I I was in the startup space for a while, so after school I did school. I was going to do robotics, and back then, I thought it was gonna be a big booming field. It's still not quite where I expected at the time. So I was a a mix of electrical engineering and computer science, and I was focusing a lot on AI and machine learning. And then when I got into working at start ups, it ended up being

a lot of, like, there's no 1 building a good pipeline for you, so you gotta go figure it out. And I just slowly ended up more and more in the data's realm and sort of ended up getting into big data in particular on Spark and some of the systems there. And so

as I mentioned at the open, you've recently been working on consolidating a lot of your workflows for the different data roles at Netflix to being oriented around Jupyter Notebooks. So can you give a bit of an outline about the motivation for choosing Jupyter Notebooks in particular as the core interface for your data teams? Yeah. And, actually, when I first joined, Netflix, it was just sort of tossed at me. And I was definitely like, are we crazy? And the answer was like, we might be a little crazy. But it it came across as, I guess, on the onset of of hearing that. It sounds like why would you do that. Right? Like, these things that are highly

iterative, and why why would you rely on a production pipeline on it? But, actually, if you if you dig in and you add some more abstractions in that space, it starts to make a lot of sense. And where where we're pulling it in and consolidating is we're kinda trying to converge, like, many different scheduling systems at Netflix to have some common systems.

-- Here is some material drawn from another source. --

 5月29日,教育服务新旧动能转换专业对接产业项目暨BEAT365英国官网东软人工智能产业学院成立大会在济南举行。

And in the process, sort of give a a more white glove experience for less technical users,

especially for users that know enough

scripting to kind of, like, write some SQL or read a little bit of code, but not so much that they could design their own pipeline or

dig through logs to find references to other code bases.

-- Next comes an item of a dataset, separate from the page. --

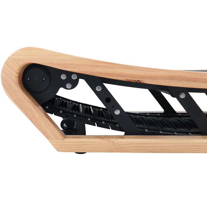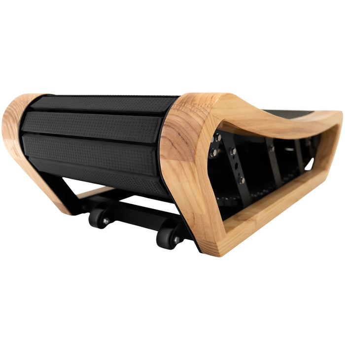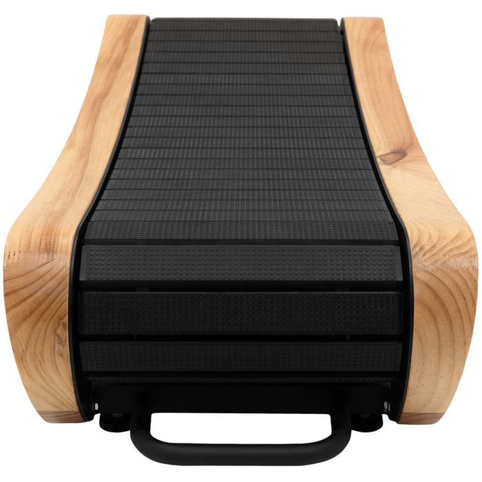 Deze loopband heeft een gladde houten afwerking en een handvatloos, minimalistisch silhouet dat natuurlijke warmte combineert met een moderne uitstraling. Dankzij het open ontwerp past hij moeiteloos onder de meeste sta-bureaus en biedt hij volledige bewegingsvrijheid tijdens het werken en wandelen.

So a lot of the step into notebooks is that

it was,

looked at as a strategic bet for what interface might be a good future shared interface between

analysts,

data engineers, and, you know, professional

coders as well as, machine learning,

developers that could all kind of represent the same executed code with some closely coupled logs

and good visualizations all in the same place. So it becomes like this this artifact that you can share with a lot of different user groups that's common and easy to transport.

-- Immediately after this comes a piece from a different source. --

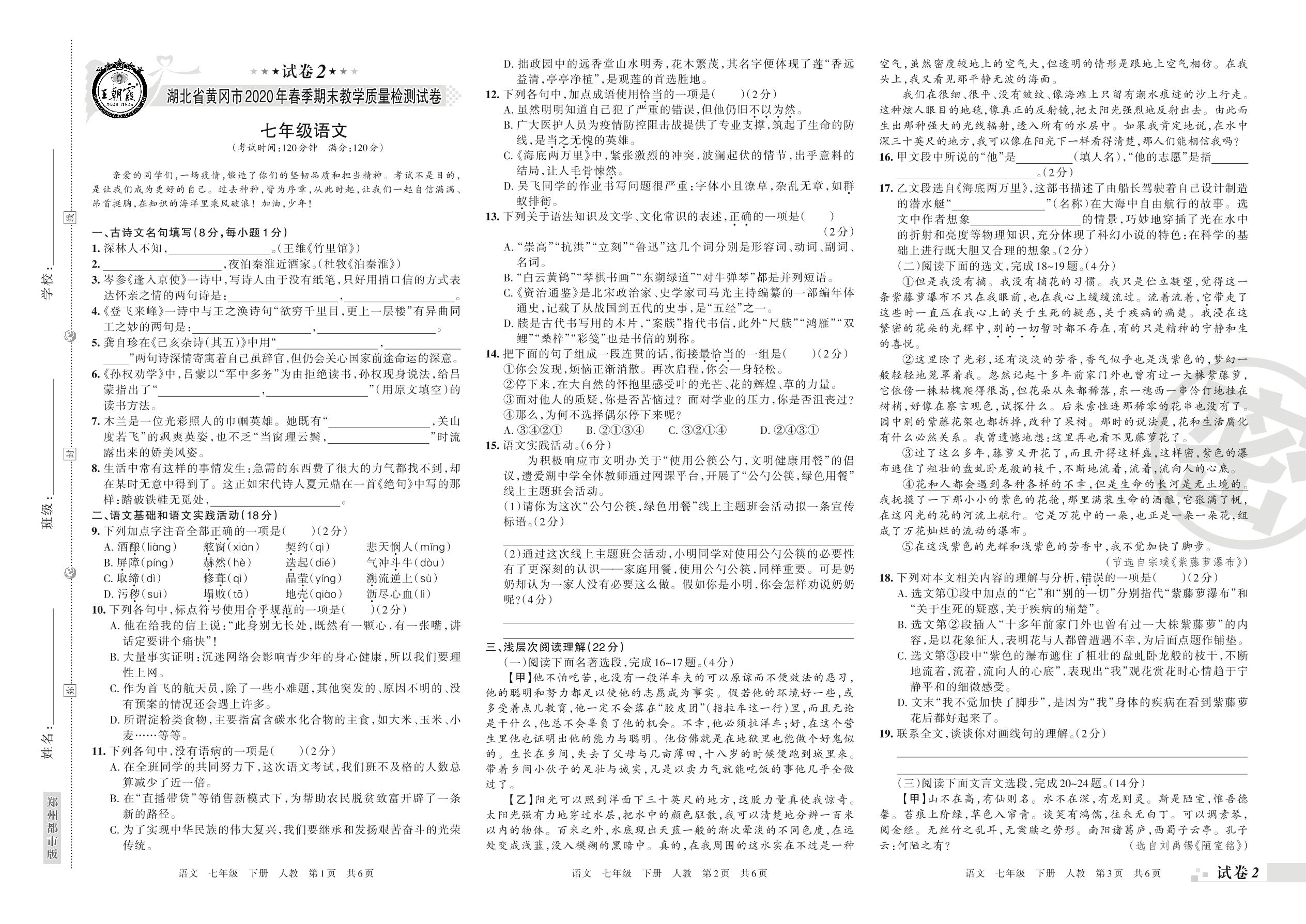 2019-2020学年第二学期湖北省黄冈市七年级语文试卷(人教版)【2】

And what are some of the places that you

have not yet deployed notebooks to, or that you are consciously

deciding not to,

implement

using that notebook interface?

And what are some of the other areas where you are pushing notebooks into common use and just some of the

differences

that denote

when is a good place to use the notebook versus not. Yeah. For sure. And that that's gonna

I'll maybe break that into some pieces because I think there's a lot of, interesting topics in there. 1 thing at Netflix we've done is we haven't done a really, like, heavy handed approach in the sense that we force, like, development to all be in notebooks and, you know, notebooks or nothing else. But it's more of the emphasis that,

with the the way we're doing so around scheduling notebooks in particular,

a lot of users don't know they're using notebooks yet, so they're getting gradually introduced to notebooks. So we're not forcing them to rewrite scripts that have been sitting around for 4 years or or SQL that's been there since that table existed.

What's end up happening is is we're migrating them on systems.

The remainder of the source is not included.